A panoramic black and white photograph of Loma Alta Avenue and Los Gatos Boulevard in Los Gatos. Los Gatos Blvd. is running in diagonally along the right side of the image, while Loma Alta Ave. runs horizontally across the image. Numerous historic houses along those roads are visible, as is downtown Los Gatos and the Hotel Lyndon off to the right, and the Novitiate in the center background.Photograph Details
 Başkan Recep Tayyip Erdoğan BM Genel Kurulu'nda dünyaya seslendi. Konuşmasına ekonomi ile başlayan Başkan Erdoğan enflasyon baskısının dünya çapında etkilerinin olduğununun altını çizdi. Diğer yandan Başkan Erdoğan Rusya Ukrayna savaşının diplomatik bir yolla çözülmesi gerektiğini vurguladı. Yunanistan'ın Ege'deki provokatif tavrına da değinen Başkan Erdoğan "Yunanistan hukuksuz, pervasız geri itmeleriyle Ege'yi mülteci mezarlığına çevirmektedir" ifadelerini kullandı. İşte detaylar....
= = = = =
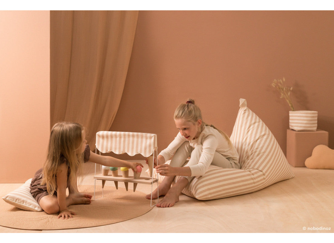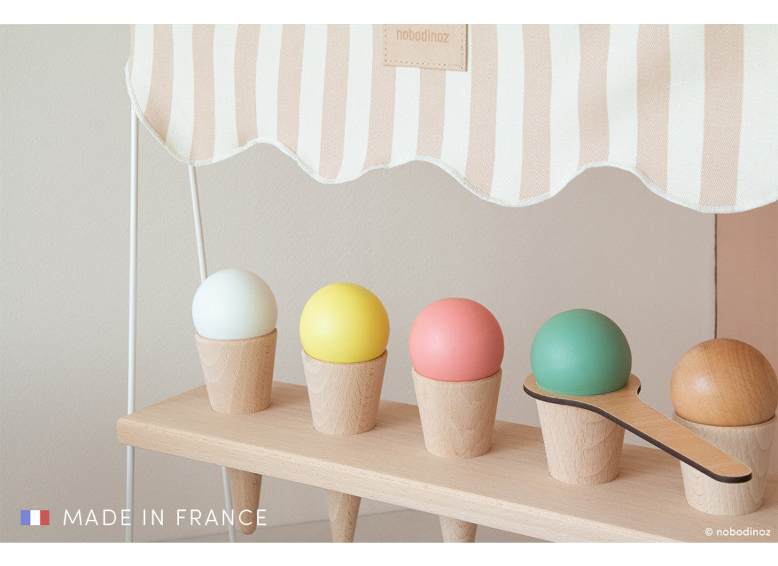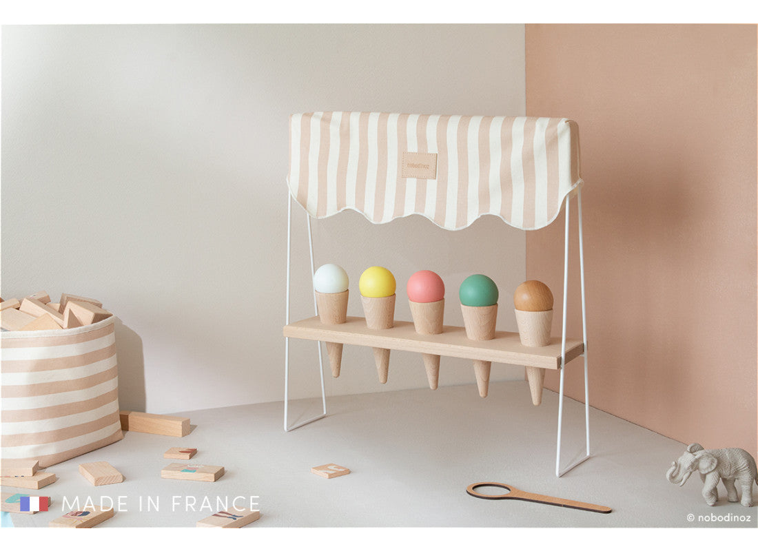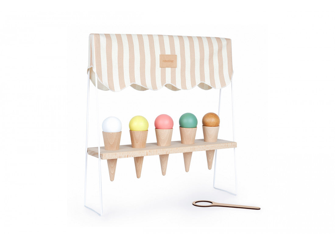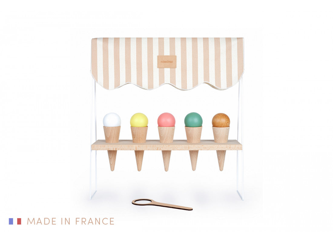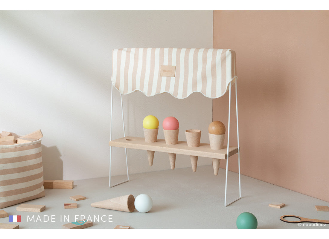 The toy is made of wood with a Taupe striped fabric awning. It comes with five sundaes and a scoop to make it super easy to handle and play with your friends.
= = = = =
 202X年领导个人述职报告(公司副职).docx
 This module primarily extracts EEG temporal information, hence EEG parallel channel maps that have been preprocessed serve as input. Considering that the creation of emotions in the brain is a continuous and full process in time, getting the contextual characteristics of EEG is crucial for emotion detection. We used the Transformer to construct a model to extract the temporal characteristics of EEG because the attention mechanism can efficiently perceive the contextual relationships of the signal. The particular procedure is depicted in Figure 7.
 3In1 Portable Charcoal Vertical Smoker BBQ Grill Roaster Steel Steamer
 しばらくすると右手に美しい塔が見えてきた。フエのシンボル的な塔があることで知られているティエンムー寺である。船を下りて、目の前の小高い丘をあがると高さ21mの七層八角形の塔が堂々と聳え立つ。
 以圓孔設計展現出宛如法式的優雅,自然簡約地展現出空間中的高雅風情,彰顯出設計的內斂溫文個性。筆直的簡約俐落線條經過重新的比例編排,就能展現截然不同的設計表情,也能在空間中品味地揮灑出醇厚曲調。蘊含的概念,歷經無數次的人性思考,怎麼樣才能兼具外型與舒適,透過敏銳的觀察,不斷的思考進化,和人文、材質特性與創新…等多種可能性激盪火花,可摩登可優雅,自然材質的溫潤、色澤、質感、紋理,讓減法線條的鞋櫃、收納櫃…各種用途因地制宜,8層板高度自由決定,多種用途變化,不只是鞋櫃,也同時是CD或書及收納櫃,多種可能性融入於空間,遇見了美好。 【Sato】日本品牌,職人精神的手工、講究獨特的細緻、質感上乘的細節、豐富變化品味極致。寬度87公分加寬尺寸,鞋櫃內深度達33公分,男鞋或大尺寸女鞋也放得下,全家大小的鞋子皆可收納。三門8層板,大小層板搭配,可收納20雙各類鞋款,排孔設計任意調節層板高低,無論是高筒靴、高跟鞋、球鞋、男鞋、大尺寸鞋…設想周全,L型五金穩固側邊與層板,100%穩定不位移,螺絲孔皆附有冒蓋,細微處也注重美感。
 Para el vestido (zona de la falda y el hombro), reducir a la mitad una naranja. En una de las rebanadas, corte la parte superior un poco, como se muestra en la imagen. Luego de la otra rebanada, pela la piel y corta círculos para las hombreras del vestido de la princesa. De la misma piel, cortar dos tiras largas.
= = = = =
■ **WHAT YOU ARE ASKED TO DO**: Please give an exact copy of the lines above, beginning with the line containing "3In1 Portable Charcoal" and running through the line containing "Para el vestido", and of no other lines.

■ **RESPONSE**:
 3In1 Portable Charcoal Vertical Smoker BBQ Grill Roaster Steel Steamer
 しばらくすると右手に美しい塔が見えてきた。フエのシンボル的な塔があることで知られているティエンムー寺である。船を下りて、目の前の小高い丘をあがると高さ21mの七層八角形の塔が堂々と聳え立つ。
 以圓孔設計展現出宛如法式的優雅,自然簡約地展現出空間中的高雅風情,彰顯出設計的內斂溫文個性。筆直的簡約俐落線條經過重新的比例編排,就能展現截然不同的設計表情,也能在空間中品味地揮灑出醇厚曲調。蘊含的概念,歷經無數次的人性思考,怎麼樣才能兼具外型與舒適,透過敏銳的觀察,不斷的思考進化,和人文、材質特性與創新…等多種可能性激盪火花,可摩登可優雅,自然材質的溫潤、色澤、質感、紋理,讓減法線條的鞋櫃、收納櫃…各種用途因地制宜,8層板高度自由決定,多種用途變化,不只是鞋櫃,也同時是CD或書及收納櫃,多種可能性融入於空間,遇見了美好。 【Sato】日本品牌,職人精神的手工、講究獨特的細緻、質感上乘的細節、豐富變化品味極致。寬度87公分加寬尺寸,鞋櫃內深度達33公分,男鞋或大尺寸女鞋也放得下,全家大小的鞋子皆可收納。三門8層板,大小層板搭配,可收納20雙各類鞋款,排孔設計任意調節層板高低,無論是高筒靴、高跟鞋、球鞋、男鞋、大尺寸鞋…設想周全,L型五金穩固側邊與層板,100%穩定不位移,螺絲孔皆附有冒蓋,細微處也注重美感。
 Para el vestido (zona de la falda y el hombro), reducir a la mitad una naranja. En una de las rebanadas, corte la parte superior un poco, como se muestra en la imagen. Luego de la otra rebanada, pela la piel y corta círculos para las hombreras del vestido de la princesa. De la misma piel, cortar dos tiras largas.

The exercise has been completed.